The answer is in the text. God says, ‘Know that I am with you and will keep you wherever you go … for I will not leave you until I have done what I have promised you’.

It’s at that moment perhaps that there’s a breakthrough for Jacob, and there can be for each of us too. We find ourselves thinking, ‘God is saying this to me, today’; and perhaps adding, ‘I need to remember those words. I must write them down, so that I don’t forget them. I need to learn them by heart, and repeat them to myself, again and again, so that I really, really believe them.’

God says, ‘Know that I am with you and will keep you wherever you go’.

And then the dream comes sharply to an end, as all good dreams do. Jacob wakes up and says, ‘Surely the Lord is in this place – and I did not know it!’

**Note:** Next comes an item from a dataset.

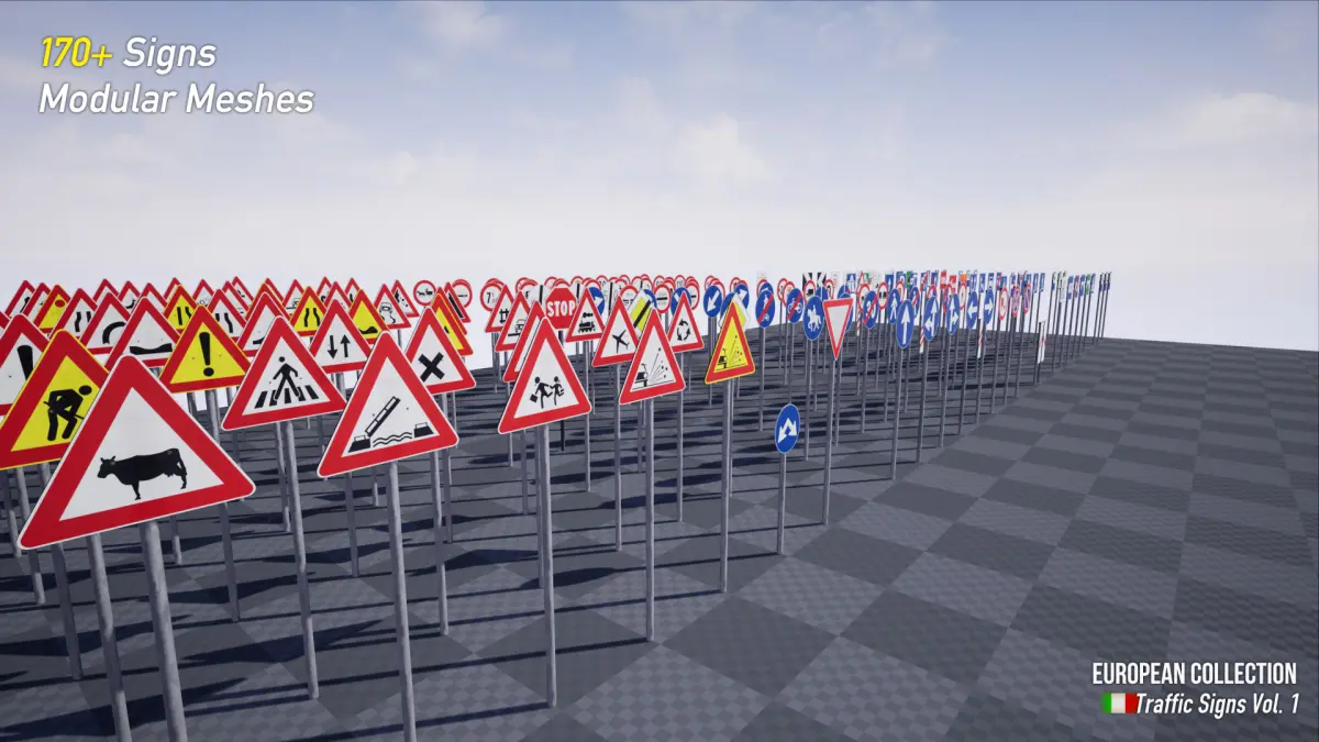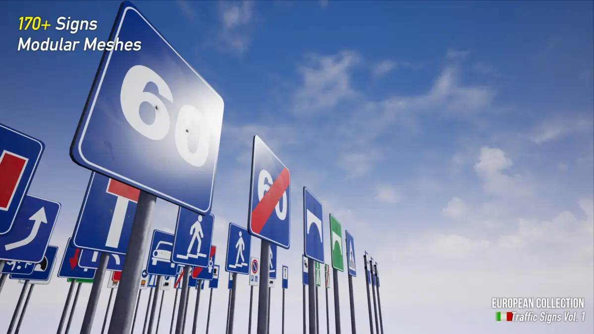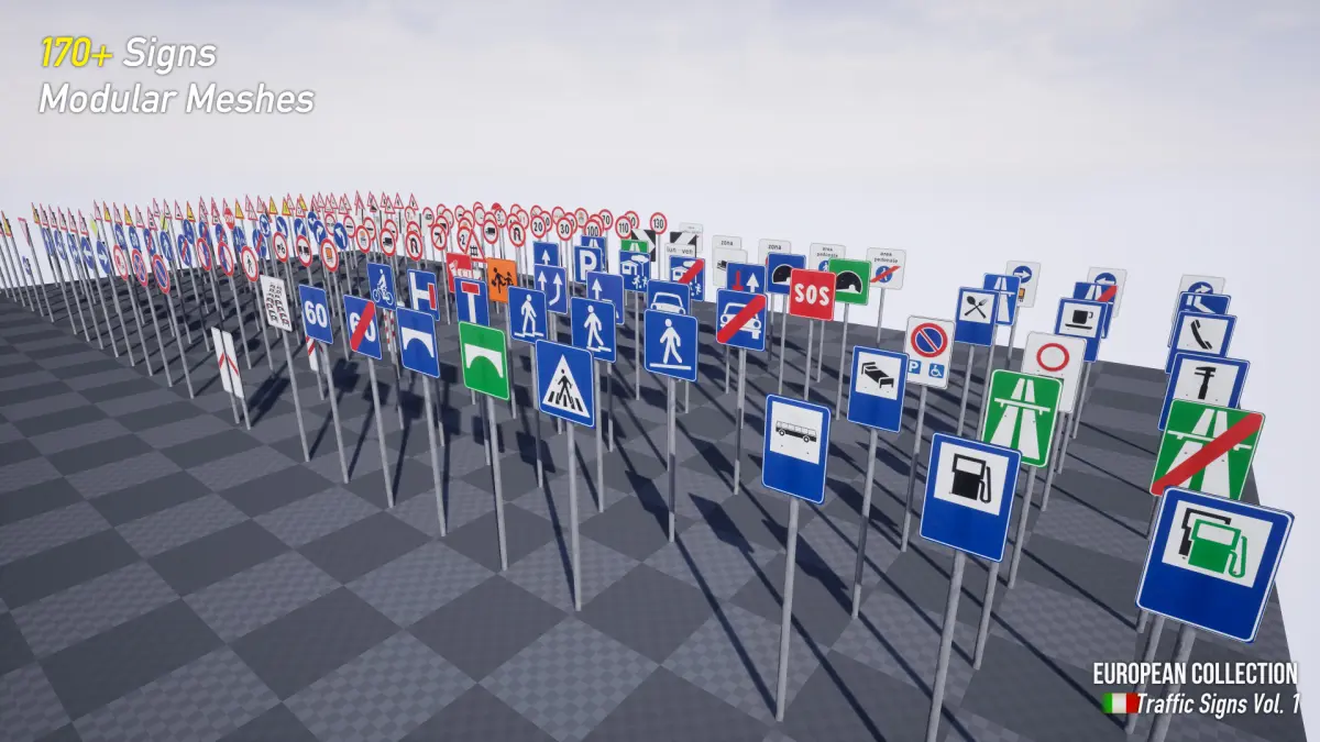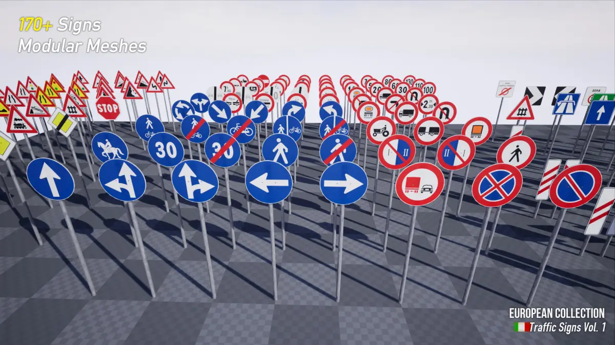 Enjoy this realistic Italian road sign pack with over 170 signs. This pack is designed to provide realistic and good-looking road signs for your game. The road signs have a little bit of dust / dirt on them, which makes them even more realistic.

This is powerful stuff. Isn’t this our experience? We’re in some place, or conversation, or relationship – and, possibly at the time, but more often when we look back, we find ourselves saying with Jacob, ‘God was really with me then, even though I didn’t realise it at the time’.

Being in church together heightens our sensitivity to the presence of God everywhere. When we’re worshiping at Western in two weeks’ time, God really will be there with us. It will feel different, certainly, but God will surely be there. Even now he’s going ahead to prepare that place.

Jacob, waking up in the great outdoors, cries out in amazement, ‘This is none other than the house of God, and this is the gate of heaven’.

You and I may not use the words of Jacob, but there are moments when something in us cries out this truth. It’s moments like these that keep us going when life is tough and the ambience for weekly worship is initially less conducive.

The story continues: ‘So Jacob rose early in the morning, and he took the stone that he had put under his head and set it up for a pillar and poured oil on the top of it’. Jacob could not leave without marking the spot. For the rest of his life it would be a holy place, because there he had encountered, and been encountered by, God. In all of our lives, there are without doubt holy places, holy times and holy people. It’s good to take time to acknowledge them and mark them – if only in our minds.

Next week we will acknowledge the holiness of St Paul’s as we hand it over to our builders for the coming year.

There isn’t time to explore today’s gospel reading in detail. In summary, Philip finds Nathanael and says to him, come and meet Jesus. Nathanael realises who Jesus is, but he can’t believe that Jesus knows or cares about who he is. Jesus makes it clear that he does know who Nathanael is and, what’s more, that he does care about him.

And Jesus makes Nathanael a great promise: ‘Very truly, I tell you, you will see heaven opened and the angels of God ascending and descending upon the Son of Man’. The ladder of Jacob’s dream has been replaced by the presence of God in his beloved Son, our Lord Jesus Christ.

In conclusion: to this day, the messenger angels of God continue their work of helping us to see what reality really looks like. Angel wings rustle everywhere.